▶ [Problem statement]: The result should be an exact copy of only the lines from the one with "Archiwum / Listy" through the last line of the data below, with pictures omitted.

▶ [Recorded information]:

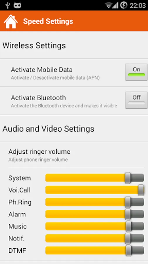 In this module you can enable / disable data traffic, you can activate the bluetooth and make it visible in one touch, you can adjust the different volume levels, etc.
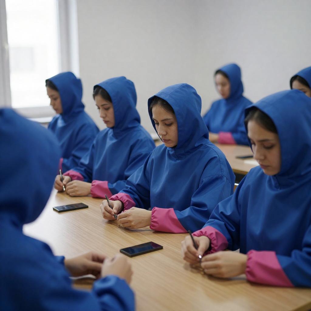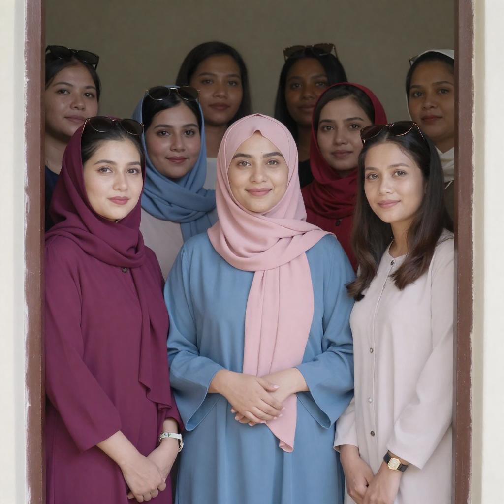 Photograph of six women in black headscarves and dark clothing preparing food at a wooden table. They are focused on various tasks: peeling vegetables, mixing, and chopping. Table holds bowls, baskets, onions, and green herbs. Background features a window, cross, and kitchen items. Women's expressions are concentrated.
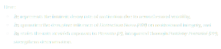 Motivation (M): A transient, dopamine-regulated emotional potential that temporarily amplifies goal pursuit. It operates as an initial spark — a biochemical burst that floods the reward circuitry, heightening attention and energy toward a goal. However, its half-life is short; without continual reinforcement, motivation decays rapidly. It depends on novelty, validation, or external stimuli to sustain itself, making it the least reliable source of long-term performance.
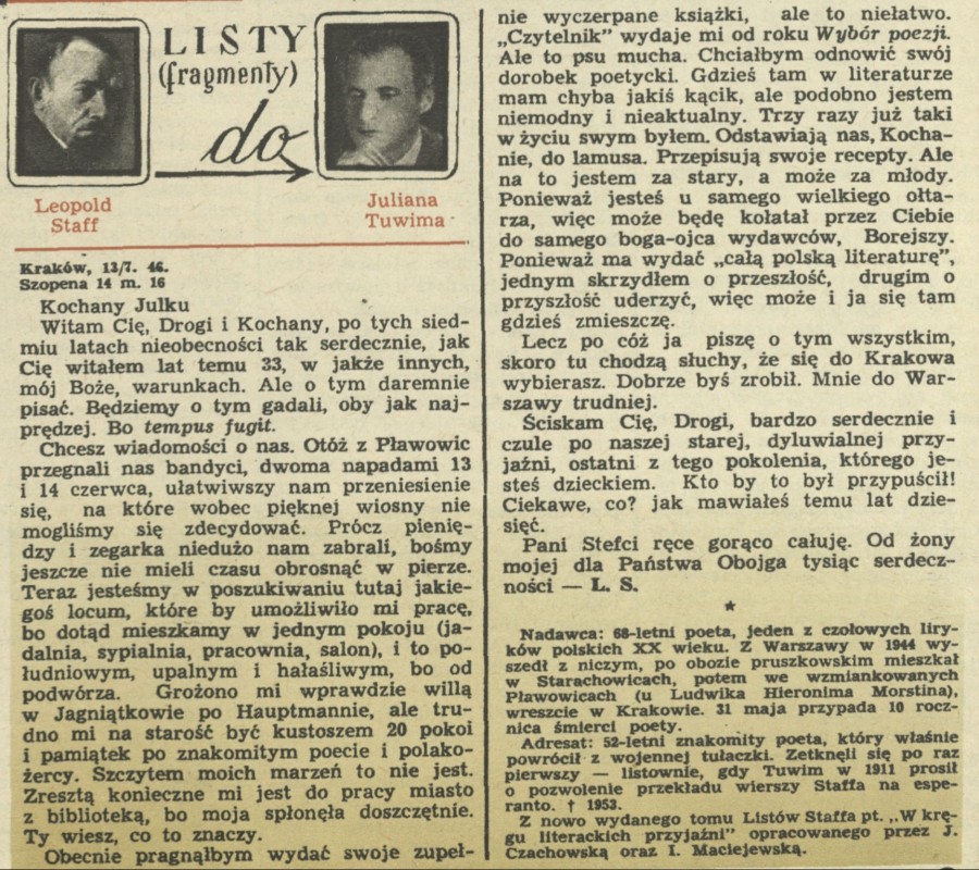 Archiwum / Listy sławnych ludzi nr 1155 (22/1967) 48215/123969 Podziel się Tytuł Listy (fragmenty) Rubryka Listy sławnych ludzi Artykuł z numeru 1155 (22/1967) Data wydania 28 maja 1967 Tagi Leopold Staff Julian Tuwim
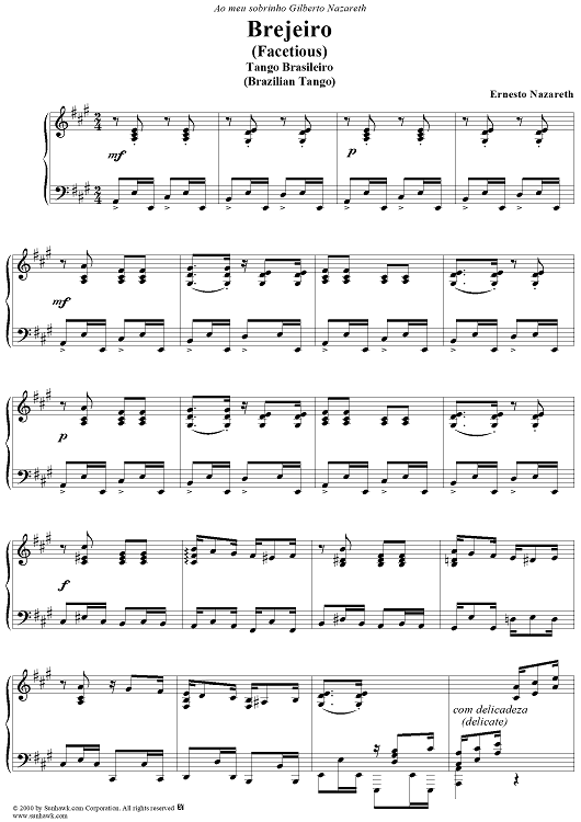 Digital Sheet Music for Brejeiro by Ernesto Nazareth scored for Piano Solo; id:236611

▶ [Written solution]:
 Archiwum / Listy sławnych ludzi nr 1155 (22/1967) 48215/123969 Podziel się Tytuł Listy (fragmenty) Rubryka Listy sławnych ludzi Artykuł z numeru 1155 (22/1967) Data wydania 28 maja 1967 Tagi Leopold Staff Julian Tuwim
 Digital Sheet Music for Brejeiro by Ernesto Nazareth scored for Piano Solo; id:236611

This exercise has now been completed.